# Ähnliches System wie Wikipedia ?



## CHTMLVBFeli (5. Dezember 2011)

Ho Ho Ho lieb Leute  ,
Wie kann man ein System wie Wikpedia realisieren,
also :"http://de.wikipedia.org/wiki/*Wikipedia*"
Ich hab auch keine Ahnung wie man so was nennt.
Deswegen hab ich in Google auch nichts gefunden! ! 
Vielen Dank im Voraus
Liebe Grüße
CHTMLVBFELI


----------



## sheel (5. Dezember 2011)

Hi

http://blub.org/wiki/Auto
wird mit _ModRewrite_ in sowas
http://blub.org/seite.php?wort=Auto
umgewandelt, dann gehts problemlos zentral mit PHP weiter.

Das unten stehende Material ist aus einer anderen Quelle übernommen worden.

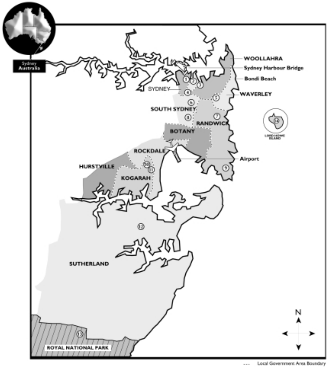
Figure 2. South East Sydney Health Service Area
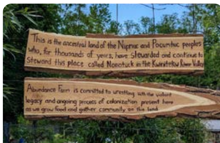
Sign posted at Abundance Farm
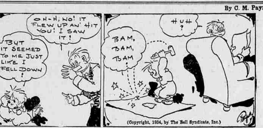
(Copyright, 1934, by The Bell Syndicate, Inc.)
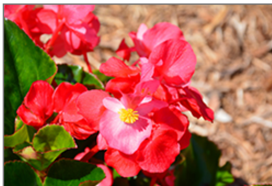
Whopper Rose Green Leaf Begonia flowers

This is a high maintenance plant that will require regular care and upkeep, and usually looks its best without pruning, although it will tolerate pruning. Deer don't particularly care for this plant and will usually leave it alone in favor of tastier treats. Gardeners should be aware of the following characteristic(s) that may warrant special consideration;
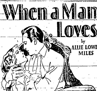
Princess of Wales in 'WILLEN A MAN GOVERN' is Warner Bros. Picture.

Yielded Averages (Arlington Globe) The best yielding average this season is 50 bushels to the acre.

Dazu, wie man solche Umleitungsregeln macht,
findet man auf deren Seite viele Beispiele und Anleitungen.

Gruß


----------



## Dr Dau (5. Dezember 2011)

Hallo!



CHTMLVBFeli hat gesagt.:


> Ich hab auch keine Ahnung wie man so was nennt.


user friendly URL
benutzerfreundliche URL
suchmaschinenfreundliche URL
SEO URL
Such Dir was aus. 

Kurztrip:
http://de.wikipedia.org/wiki/Rewrite-Engine
ausfürlicher:
http://www.mediawiki.org/wiki/Manual:Short_URL/Apache_Rewrite_rules
oder als lange (bzw. schwer zu merkende) URL:
http://www.mediawiki.org/w/index.php?title=Manual:Short_URL/Apache_Rewrite_rules

Gruss Dr Dau


----------



## CHTMLVBFeli (6. Dezember 2011)

Vielen Dank! !  
Ich probiers heute mal aus 
Liebe Grüße
CHTMLVBFeli


----------